Nebraska Gov. Jim Pillen on Thursday announced he issued an executive order to ban the state government and its contractors from using equipment and services produced by a list of companies linked to the Chinese Communist Party (CCP).
Pillen, a Republican, said in a
statement the executive order will keep the CCP from “using technology to infiltrate and influence” Nebraska’s infrastructure.
“I will continue to find opportunities to improve Nebraska’s infrastructure and technology grid while remaining vigilant in protecting our state’s security,” he added.

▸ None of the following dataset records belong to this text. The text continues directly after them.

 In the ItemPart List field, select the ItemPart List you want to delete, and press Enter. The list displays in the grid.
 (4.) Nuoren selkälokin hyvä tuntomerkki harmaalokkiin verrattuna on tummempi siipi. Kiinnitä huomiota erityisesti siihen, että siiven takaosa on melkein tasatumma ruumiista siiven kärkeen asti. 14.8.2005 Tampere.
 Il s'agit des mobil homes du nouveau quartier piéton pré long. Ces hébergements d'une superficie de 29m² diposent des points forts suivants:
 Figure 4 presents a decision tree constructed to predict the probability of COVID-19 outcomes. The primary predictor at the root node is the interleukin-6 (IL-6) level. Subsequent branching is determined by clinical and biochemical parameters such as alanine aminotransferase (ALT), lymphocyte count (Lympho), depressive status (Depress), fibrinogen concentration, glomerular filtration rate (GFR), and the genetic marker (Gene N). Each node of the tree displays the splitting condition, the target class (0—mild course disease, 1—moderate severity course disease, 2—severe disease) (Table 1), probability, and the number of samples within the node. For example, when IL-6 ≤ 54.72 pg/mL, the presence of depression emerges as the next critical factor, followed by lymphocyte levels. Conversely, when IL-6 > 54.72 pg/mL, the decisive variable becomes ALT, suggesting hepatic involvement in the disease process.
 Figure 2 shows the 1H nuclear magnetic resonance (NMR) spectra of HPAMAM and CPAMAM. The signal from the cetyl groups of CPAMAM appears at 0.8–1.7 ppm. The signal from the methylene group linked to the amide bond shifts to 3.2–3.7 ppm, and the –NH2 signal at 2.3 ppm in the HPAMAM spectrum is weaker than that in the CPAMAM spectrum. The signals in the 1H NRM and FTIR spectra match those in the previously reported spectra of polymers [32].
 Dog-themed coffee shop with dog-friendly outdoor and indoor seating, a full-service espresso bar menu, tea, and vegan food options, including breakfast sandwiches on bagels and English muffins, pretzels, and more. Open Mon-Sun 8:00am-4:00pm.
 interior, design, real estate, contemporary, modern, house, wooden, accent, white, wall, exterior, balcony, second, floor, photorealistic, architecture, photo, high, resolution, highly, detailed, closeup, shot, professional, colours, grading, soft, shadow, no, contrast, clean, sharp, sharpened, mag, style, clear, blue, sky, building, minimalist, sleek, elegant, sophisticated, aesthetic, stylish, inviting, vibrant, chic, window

The companies concerned are those listed on the Federal Communications Commission’s (FCC) “Covered Equipment or Services List” that was
first published in March 2021 as required by the Trusted Communications Networks Act of 2019, signed under the Trump administration. The list includes equipment or services deemed to pose an unacceptable risk to national security or the security and safety of U.S. citizens.
Companies on the list
include Huawei Technologies, ZTE Corporation, Hytera Communications, Hangzhou Hikvision Digital Technology, and Dahua Technology, as well as their subsidiaries and affiliates.
The FCC in
March 2022 added China’s China Telecom (Americas) Corp. and China Mobile International USA to the list, and in
September 2022 added China Unicom and Pacific Network/ComNet to the list.
Companies on the FCC’s list are also unable to receive new equipment licenses, due to the “Secure Equipment Act of 2021” President Joe Biden
signed in November 2021. The FCC will no longer review or approve any authorization application for equipment to the companies on the covered list.
“Each of these companies are owned or controlled by the Chinese Communist Party and are on the Federal Communications Commission’s Covered List, which includes companies that are considered a risk to national security,” Pillen’s office said in a release on Thursday.
The executive order (
pdf) said the FCC’s list is used to “prohibit communications equipment deemed to pose an unacceptable risk to national security from being authorized for importation or sale in the United States.”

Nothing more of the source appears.